C. Keaslian Penelitian
Penelitian yang dilakukan penulis mengenai perbedaan tekanan darah
sebelum dan sesudah tindakan odontektomi gigi impaksi molar ketiga mandibula
belum pernah dilakukan. Penelitian serupa yang telah dilakukan, antara lain oleh
Setia Rini (2002) yang meneliti mengenai hubungan antara kecemasan dan
ketakutan dengan tekanan darah dan denyut nadi pada pencabutan gigi, Imelda
Vionetha (2003) yang meneliti mengenai hubungan antara rasa cemas dan takut
dengan tekanan darah dan denyut nadi pada pasien odontektomi gigi geraham tiga
bawah impaksi dan Jusnita Wahyu (2007) mengenai perbandingan perubahan
tekanan darah orang lanjut usia dengan orang usia 20-30 tahun sebelum dan
sesudah pencabutan gigi.
4
D. Tujuan Penelitian
Tujuan penelitian ini adalah untuk mengetahui perbedaan tekanan darah
sebelum dan sesudah tindakan odontektomi gigi impaksi molar ketiga mandibula
di Klinik Bedah Mulut RSGM Prof.

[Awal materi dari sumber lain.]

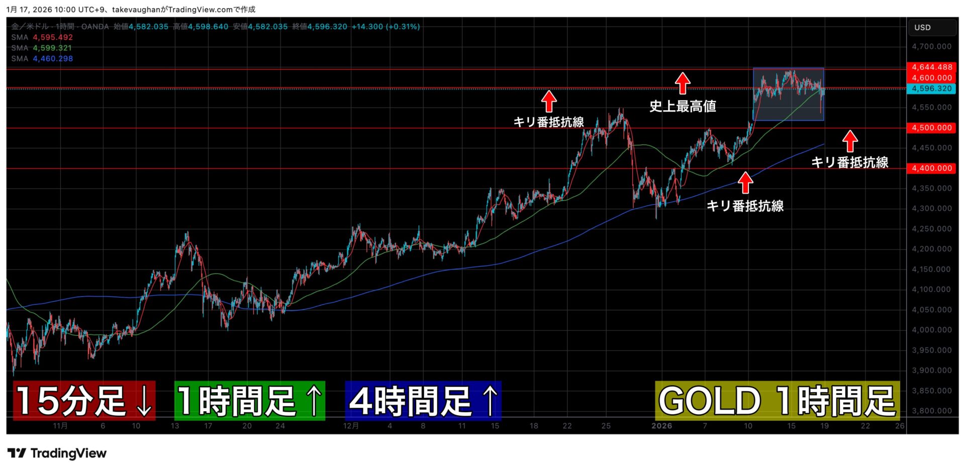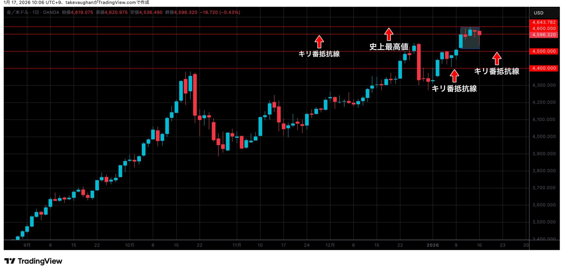 週末に向けては4600$のキリ番を挟んでの攻防となり、1月16日(金)は4596.5$で閉場となっています。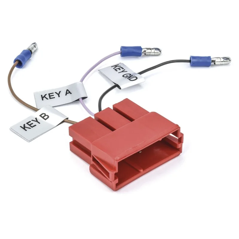 Le câblage est robuste, isolé et clairement étiqueté (KEY A, KEY B, KEY GND), ce qui sécurise l’installation tout en facilitant son repérage. La longueur du câble est optimisée pour limiter les vrilles sous le tableau de bord.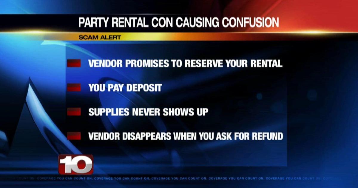 In this scam alert, the Better Business Bureau is getting reports of party hosts tricked by rentals.
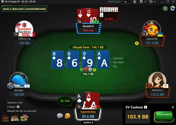 Откатал сессию 10 часов, в середине летел -100$, потом немного отпустило и под конец поймал свою золотую рыбку, 150 бб дипы nl 50, не осуждайте за колд колл, эта рыбка нужна была мне на постфлопе. Впереди суббота/воскресенье ещё +20 часов катки, посмотрим получится ли выбраться с плато за эти выходные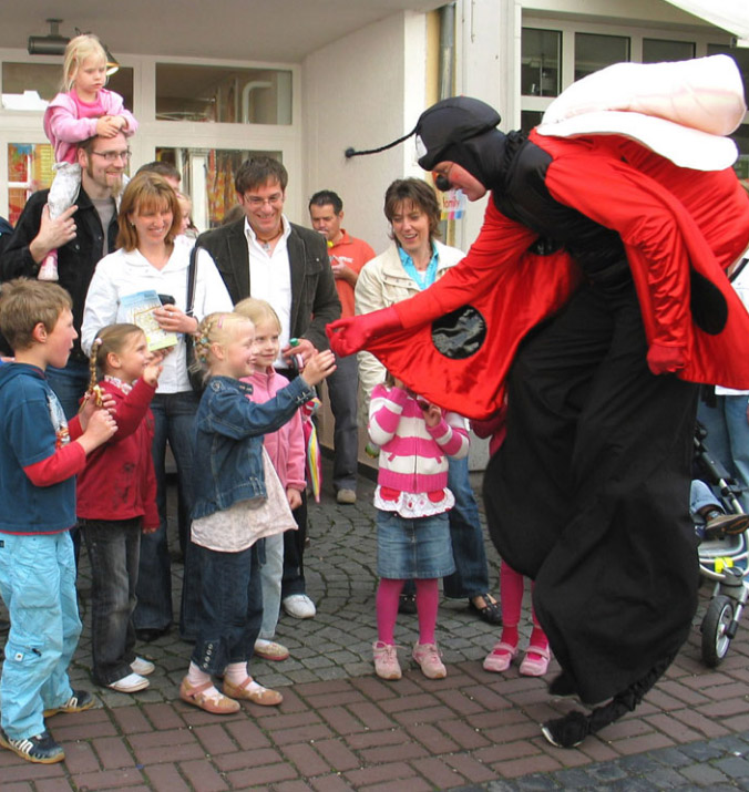 If you're interested in booking our marvellous and glorifying insect stilt walkers for your upcoming special event, contact any of our helpful Scarlett Entertainment team members who will be certain to assist you with your booking needs, and answer any question you might have.

Soedomo FGK UGM.
E. Manfaat Penelitian
Manfaat yang diharapkan dari penelitian ini antara lain :
1.
Dapat memberikan tambahan informasi mengenai perbedaan tekanan darah
sebelum dan sesudah pada pasien odontektomi gigi impaksi molar ketiga
mandibula.
2.
Sebagai acuan untuk operator/koas/dokter gigi dalam menangani pasien
dapat memperhatikan faktor apa saja yang dapat mempengaruhi perubahan
tekanan darah pada pasien dan kemungkinan resiko yang dapat muncul
akibat dari perubahan tekanan darah tersebut sehingga dapat meminimalisir
resiko yang dapat muncul.
3.
Dapat dijadikan sebagai bahan acuan untuk penelitian lebih lanjut.